So we have that q = 0

  • When using the acf() in R to find p, take the position of the line before the first inverted line. We are looking for the lag with the most notable spike.

Now for p:

# Instead of acf() we use pacf() to find partial autocorrelation.
  plot(pacf(sc_ts_diff, na.action = na.pass))
Here, the partial auto correlation function returns a negative tail. This is suggestive that the time series data needs extra differencing. You can continue on to do things like difference the mean, use a Box-Cox Transformation, or any number of other methods, but here I will choose to use the auto.arima function to aid in the forecasting. This function comes from the forecast package so we will need to call its library.

library(forecast)
## Warning: package 'forecast' was built under R version 3.4.2
auto.arima(sc_ts_na_rm)
## Series: sc_ts_na_rm
  ## ARIMA(1,1,1) with drift
  ##
  ## Coefficients:
  ##          ar1      ma1   drift
  ##       0.2388  -0.9275  2.4009
  ## s.e.  0.1099   0.0496  0.6545
  ##
  ## sigma^2 estimated as 4170:  log likelihood=-624.96
  ## AIC=1257.93   AICc=1258.3   BIC=1268.8

Now we can see how R estimated the AR, I, and MA values. This is a handy function, and Using the information given by the auto.arima function we can now attempt to plot a forecast for restaurant popularity using this information as a guide.

sc_ts_fitted <- arima(log(sc_ts_na_rm), c(1, 1, 1), seasonal = list(order = c(1, 1, 1), period = 12))
  
  # How far to predict into the future
  pred <- predict(sc_ts_fitted, n.ahead = 7*12)
  
  # The code below accounts for the fact that we took the log earlier
  ts.plot(sc_ts_na_rm, 2.718^pred$pred, log = "y", lty = c(1, 3))

This is good, and it seems to make sense but I want to try another procedure. At this point I’ll decide to move on to a decomposition of the time series data to get a better overall idea of what is happening. Use a decomposition() function to view the different features of the time series. This will show us the original observed data plotted over time, the trend line, the seasonality, and random factors (ie things out of control like road work that might limit the number of guests to the restaurant during a particuar month).

# Attain the decomposition of the additive time series by using the decompose()
  # function and then plotting the result
  dec_sc_ts <- decompose(sc_ts_na_rm)
  plot(dec_sc_ts)

Now that we can see the different components to our time series data, we can also start to consider forcasting with the decomposition as well.This requires the use of the stl() function from the ‘forecast’ package.

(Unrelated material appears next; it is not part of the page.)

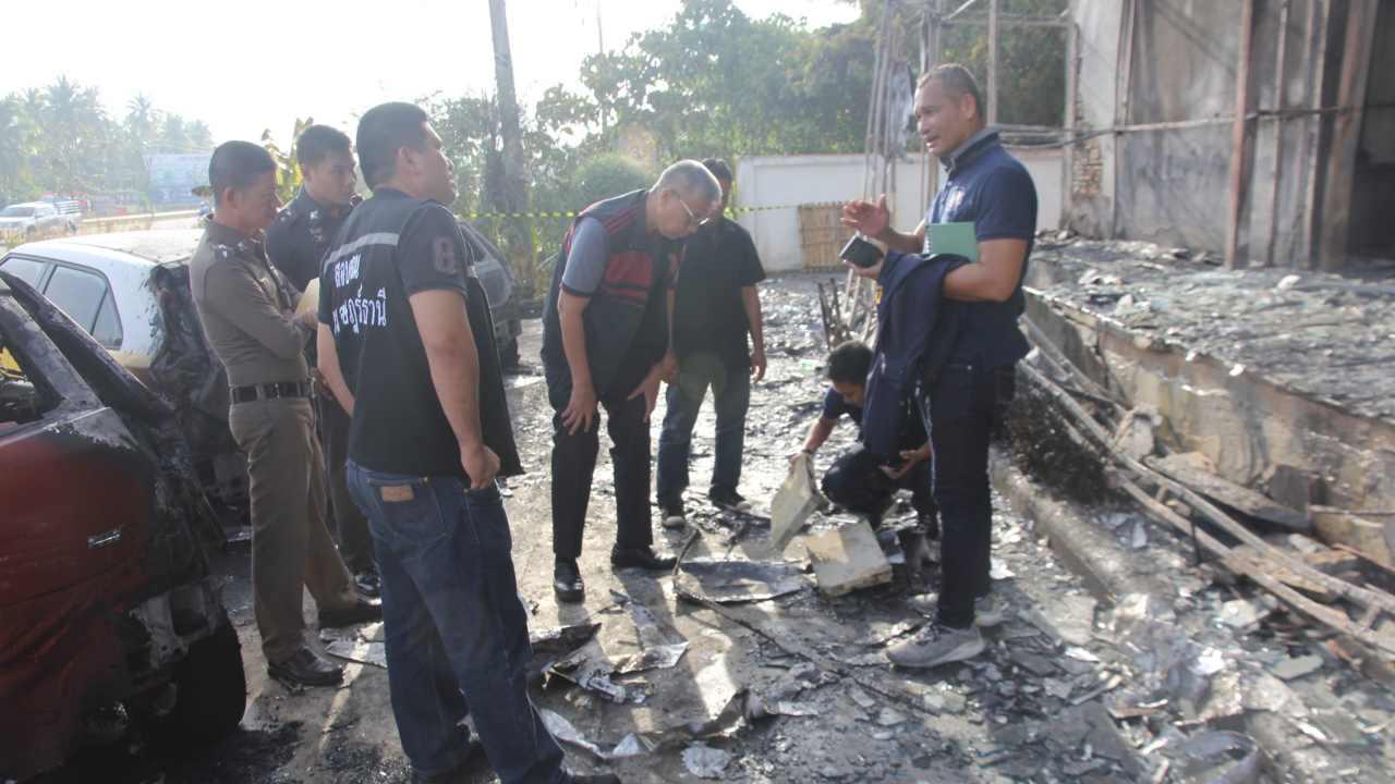 ต่อมา เวลา 06.30 น. พ.ต.อ.วิชอบ เกิดเกลี้ยง รอง ผบก.ภ.จว.สุราษฎร์ธานี พร้อมเจ้าหน้าที่พิสูจน์หลักฐาน 8 เดินทางไปยังที่เกิดเหตุ เพื่อเข้าตรวจสอบหาสาเหตุ โดยมี น.ส.จุฬาลักษณ์ ศักดิ์ศรีสุวรรณ อายุ 35 ปี เจ้าของบริษัท ร่วมอยู่ด้วย แต่ยังไม่สามารถเข้าไปในอาคารได้ เนื่องจากยังมีความร้อนคุกรุ่นอยู่ เบื้องต้น คาดต้นเพลิงมาจากส่วนสำนักงานของบริษัทบริเวณชั้น 2 ของโชว์รูม สาเหตุจากไฟฟ้าลัดวงจร ความเสียหายไม่น้อยกว่า 50 ล้านบาท

I will plot each method option so a comparision can be made:

library(forecast)
  
  sc_ts_fit <- stl(
    sc_ts_na_rm, t.window = 5, s.window = "periodic", robust = TRUE)
  # t.window is optional but gives us control over how much "wiggle" the plot
  # shows
  
  sc_ts_adj <- seasadj(sc_ts_fit)
  # make a seasonal adjustment to the stl fit by using function seasadj()
  
  plot(
    naive(sc_ts_adj), xlab = "Seated Covers/Popularity Index",
    main = "Naive Forecasts of Seasonally Adjusted Data")
sc_ts_forecast <- forecast(sc_ts_fit, method = "arima")
  # Continuing with the idea to use an ARIMA method
  # Use method arima which is basically inducing a polynomial trend of order d
  # into the forecast function
  
  plot(sc_ts_forecast, ylab = "Seated Covers Index")

This forecast has a similarity to the forecast before it, but here we can adjust the t.window parameter to get a clearer picture of when the business may in the future experience peaks in popularity.

sc_ts_forecast <- forecast(sc_ts_fit, method = "ets")
  # ETS uses exponential smoothing for error, trend, and seasonal components
  # (uses AAA version of exponential smoothing algorithm)
  
  plot(sc_ts_forecast, ylab = "Seated Covers Index")
sc_ts_forecast <- forecast(sc_ts_fit, method = "naive")
  # Typically useful for stock market time series
  # (where the last periods actual numbers are used in current
  # forecast) Used for highly seasonal data.
  
  plot(sc_ts_forecast, ylab = "Seated Covers Index")
sc_ts_forecast <- forecast(sc_ts_fit, method = "rwdrift")
  # Similar to extrapolating a line between the first and last observations
  # (a variation of the naive method that allows for forecasts to
  # increase and decrease over time) The amount of change or "drift" over time is
  # set to be the historical average.
  
  plot(sc_ts_forecast, ylab = "Seated Covers Index")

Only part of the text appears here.